Hawthorn’s relationship with the state of Tasmania has provided a lucrative source of revenue for the club. It has a deal with the Tasmanian government (believed to be worth between $4 million and $5 million a year) to play some games in Launceston.
“Hawthorn is one of the only clubs that has moved into a secondary market and got it right,” says Hawthorn chief executive Stuart Fox. He suggests his club’s success has been assisted by its ability to get access to a “clean” stadium in Tasmania, which has allowed it to secure additional catering and merchandise deals.
“It has been a club initiative and we have put a lot of money and support back into the community,” Fox says. “That is why the model works.”
Fox says he considers between 30 and 40 investment opportunities a year. Non-traditional assets include a public gymnasium and a $2 million share portfolio.
“We are quite open to some creative thinking in terms of our investments but it takes a lot of hard work to get a new venture up,” Fox says. “One bad decision can quickly burn cash. Our philosophy has been to build a strong club that is not reliant on AFL funding and has a number of revenue streams.”
Fox’s predecessor at Hawthorn runs another big Melbourne based club, Essendon Football Club. Ian Robson says it is crucial for football clubs to make major investments when best-practice standards deem them necessary.
His club is among those to spend up big on new facilities.

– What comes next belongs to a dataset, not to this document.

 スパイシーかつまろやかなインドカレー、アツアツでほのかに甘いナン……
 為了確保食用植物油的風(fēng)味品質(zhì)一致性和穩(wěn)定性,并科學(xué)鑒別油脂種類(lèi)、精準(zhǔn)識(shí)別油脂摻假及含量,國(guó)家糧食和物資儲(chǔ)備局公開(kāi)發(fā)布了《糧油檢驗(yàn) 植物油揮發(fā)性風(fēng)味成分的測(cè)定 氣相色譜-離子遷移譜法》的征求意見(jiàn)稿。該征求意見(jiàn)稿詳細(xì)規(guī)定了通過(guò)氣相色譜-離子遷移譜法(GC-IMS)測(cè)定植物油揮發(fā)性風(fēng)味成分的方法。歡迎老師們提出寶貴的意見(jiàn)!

The club is building a $25 million base near Melbourne airport after outgrowing its traditional home, Windy Hill in the suburb of Essendon.
Robson says the imminent introduction of free agency rules will make it more difficult for clubs to retain players unless they offer market-leading training and recovery facilities. (The rules will make it easier for veteran players to transfer to the club of their choice.)

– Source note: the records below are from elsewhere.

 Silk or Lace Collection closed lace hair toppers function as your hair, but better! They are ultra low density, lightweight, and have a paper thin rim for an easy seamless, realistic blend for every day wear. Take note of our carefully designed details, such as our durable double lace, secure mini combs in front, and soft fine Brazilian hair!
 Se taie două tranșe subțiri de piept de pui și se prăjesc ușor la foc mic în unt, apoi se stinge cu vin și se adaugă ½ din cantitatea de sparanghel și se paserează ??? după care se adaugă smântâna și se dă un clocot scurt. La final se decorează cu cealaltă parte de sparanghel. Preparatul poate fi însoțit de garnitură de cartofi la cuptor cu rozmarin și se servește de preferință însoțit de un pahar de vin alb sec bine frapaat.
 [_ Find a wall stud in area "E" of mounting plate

Robson is under no illusion as to what is occurring in his code. “There is an arms race,” he says.
Essendon has joined Collingwood in starting a weekly television program on Foxtel’s subscription network. The show gives news and behind the scenes access to players and staff. While the ventures are loss-leaders, both clubs see them as part of integrated strategies and expect to turn their growing broadcast divisions into valuable assets.
The convergence of multi-media channels offers ill-defined but attractive revenue-generating opportunities for all clubs. Most have boosted their online marketing efforts. “Clubs own the content fans crave,” says Robson. “We have the ability to tell compelling stories.”
Pert agrees. “For the Collingwood Football Club, it is becoming critical to produce our own media content. In the past, we have had to abide by the rules of traditional media because we haven’t had our own platform. Now we do and we have a lot more control over what we deliver to our supporters.
“We control the agenda. It is not about propaganda, it is about ensuring that information is delivered to supporters in the form they want it.”
Pert understand the media and entertainment industries well. Apart from playing 233 games of AFL football for Collingwood and the defunct Fitzroy Football Club, Pert also held roles as the managing director of the Nine Network and the general manager of Austereo in Melbourne.
He realises that multi-media channels can help Collingwood reach its overseas supporters. The club claims to have members in 88 countries, mostly expatriate Australians.
“We have Collingwood supporters around the world and [our major sponsor] Emirates flies around the world,” Pert says.
“So if we can help build bridges there, then that is the sort of thing that will help build an international strategy that is much bigger than the one we have already got,” he says.
No matter how well a football club is managed, much still depends on a team’s ability to win games. Clear delineation between premiership dreams and business plans is crucial, says Robson from Essendon.
“You can’t bet the house on winning,” Robson says.
Pert says: “You won’t sleep well at night if you only meet costs by winning a certain amount of games. It is really important to have a solid business model where winning on the field is the icing and not the cake.”